My friend Alex and I were talking over a nice dose of Fro Yo the other day and reflecting on our youth. Of course, when you're coming of age, you're bound to make mistakes. Bobby, of The Brady Bunch, learned the hard way why he shouldn't play ball in the house. Frankie Muniz found out why you shouldn't kick your dog during a baseball game in My Dog Skip. And I'm not saying that my generation had it any harder than the next, but if you weren't careful, coming of age could be really, really dangerous for someone our age. As we were thinking back to what it was like growing up in the late 90s and early 2000s, I think we might have weirded ourselves out just by looking at the prospects. It was after that conversation that I decided that my children would not have access to the internet until they are least sixteen years old. Why did we not listen to NSYNC when they warned us about these "digital get downs?" Nothing safe happens online.
I had no business on the internet as a child, and if you think back, you probably didn't either. I remember when we got our first computer back in fifth grade--yes, it had CompuServe dial-up internet which allowed you to make a sandwich, walk the dog, and finish a Melville novel between page loading times, but it was the internet, and that was pretty friggin' cool back in 2000. My brother and I would take turns getting on it, and it's not like we could do too much damage because it was stationed in our parents' room. We lived in a very old single wide at the time, so even if my parents were on the other end of the house, if we had something naughty up that made noise, they could hear it without a problem. We never wanted to abuse having a computer... hell, we were just jazzed that we could play Minesweeper any time we wanted to, though neither of us having any idea to this day what that game is about, nor how to play it.
But it wasn't long until we messed everything up. We had grown tired of 50states.com, which apparently is no longer a website (sigh), so we decided to look up facts about Washington D.C. before I took my trip there with safety patrol. Casey and I gathered around the computer to look up whitehouse.com, and there it was for the world to see... naked. women. We were equal parts embarrassed, intrigued, and filled-with-sin. This friend we had known for such a short amount of time had become our enemy so quickly, and from there, it was clear that the internet was going to be the kind of friend that you just don't tell your parents about.
But the inadvertent porn via what we thought was a government website was not the problem. Alex and I decided that the problem really started once we got into middle school. Looking back, we were all over the internet in ways that we, nor our parents, really had any idea about. I remember back to my AIM days when I would sit on the computer changing my background and my layout and coming up with my screenname, and it all seemed so harmless... but then I think about all the chatrooms that I would go into and all of the "friends" that I would make on there. And when I talk to people my age about it, it really was not an uncommon thing for people to make friends and exchange screennames with people that we had no idea who they actually were. I had one friend who was 13 and lived in Ohio named Brittany, and we would ask each other all kinds of personal questions, and 12 year old me was on the other side of the computer screen throughly convinced that I had found my soulmate over the internet. In reality, there's a solid chance that I was not talking to Brittany, or possibly even a child. How we were not all captured by a man named Carl who had an affinity for Mogen David wine and My Little Pony, I will never know.

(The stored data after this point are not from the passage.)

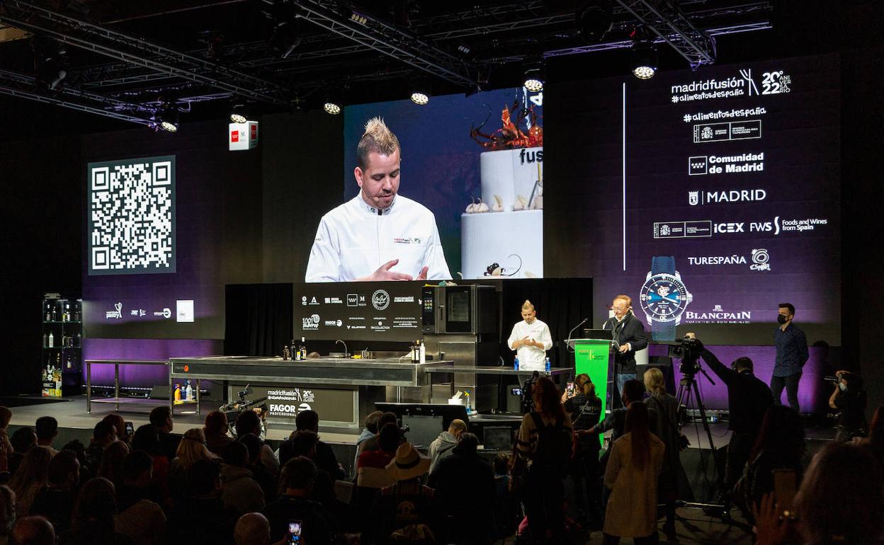 A lo largo de tres días, el pabellón 14 de Ifema ha sido un hervidero de cocineros, sumilleres, productores, distribuidores o gastrónomos, que por momentos han dejado pequeño el auditorio del congreso. El menú resultaba de lo más apetecible y ha dejado momentos memorables que quedarán para los anales de Madrid Fusión. Como el multitudinario encuentro de chefs para soplar las velas del cumpleaños del congreso, el diálogo entre dos de los cocineros más influyentes del siglo XXI, René Redzepi y Andoni Luis Aduriz, la entrevista del público a Dabiz Muñoz, la reflexión en torno al oficio de Ricard Camarena o el triunfo de su discípulo Pedro Aguilera en el premio Cocinero Revelación.
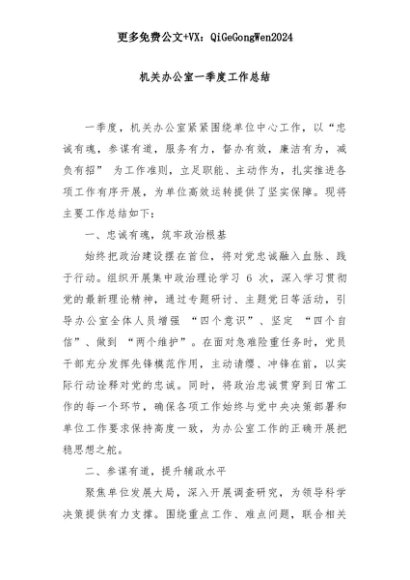 【七哥公文】2025年:【七哥公文】机关办公室一季度工作总结+更多免费公文+VX:QiGeGongWen2024+更多免费公文+VX:QiGeGongWen2024
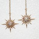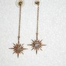 Star Burst Dangle Earrings Gold with White Crystals
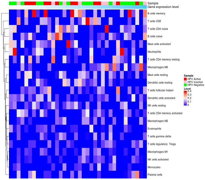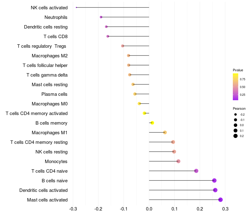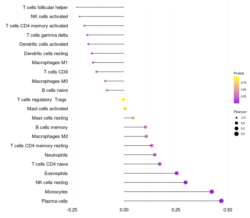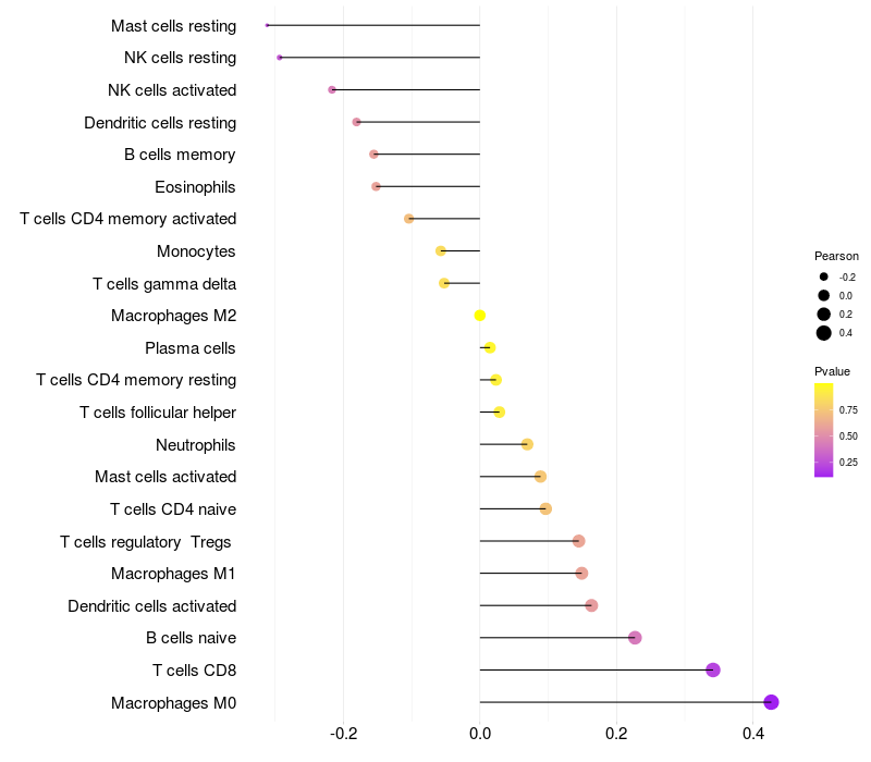 Lollipop of RNF180 expression and immune infiltrating cell level correlation result in HPV+ samples
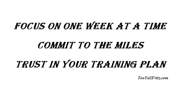 You are certainly not alone when you look around and wonder if you are going to make it thru the training. This is absolutely normal! At this point, you are starting to hit the high miles and it’s not easy. I remember getting back into my car after many a long run wondering how I could possibly get thru the next bump in miles. Yet, I did it, each and every time. It doesn’t get easier when you have more marathons under your belt, you just know to trust the training plan. Trust the training plan YOU picked. Think about it for a minute, you picked a plan for a variety of reasons but basically because you thought it was “somewhat” manageable for your life. You probably downloaded it from the internet, right? How many other people have used that same plan before you? You probably downloaded a plan from a well know website, right? How do you think that person or that website got so popular? Well, it wasn’t because the people who ran the plan before you didn’t make it thru the training, couldn’t manage the next bump in mileage, didn’t finish their race. They did finish and so will you!
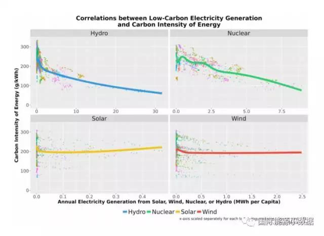 如下图所示,以68个国家的数据做回归分析,每当人均核电消费增加1兆瓦时,那么能源的碳强度(克二氧化碳/千瓦时)就会平均下降17.12克/千瓦时;每当人均水电消费增加1兆瓦时,那么能源的碳排放强度(克二氧化碳/千瓦时)就会平均下降8.14克/千瓦时。然而,整体而言人均太阳能光伏、风电消费的增加与碳排放强度没有明显的相关关系。

Honestly, if I were speaking with a predator, I'd probably
also ask for some M&Ms.
All of the conversations would start out the same: ASL? Just think about it for a minute--why in the hell did a 13 year old need to be telling another 13 year old his or her age/sex/location? Hi, my name is Justin, I'm 13/Boy/Knoxville, TN. Here's my address... now come grab me so that I can end up being another story told by John Walsh. We giggle at Chris Hansen because he's always doing the intercept between the pedophile and the decoy on To Catch a Predator, but I have no idea why I'm laughing and judging the idea that these kids' parents weren't paying enough attention because my parents totally let me do the same thing. And the one time that I did connect with a stranger online (on MySpace, may it rest in the shadow of Facebook), I suppose that I was lucky enough that the person I was meeting was an actual fifteen year old girl and not some strange predator because when I asked my mom to drop me off at the movies to meet her, my mom just agreed to it, like that's a normal thing. All I had to protect me was an absurdly loud voice, a twenty dollar bill, and a Nokia phone that was missing the * key and was really only useful to play Snake. I was one of the lucky few whose online ventures led to his first kiss, then friend, then girlfriend, then back to friend, now life coach... but everyone else doesn't always end up so lucky.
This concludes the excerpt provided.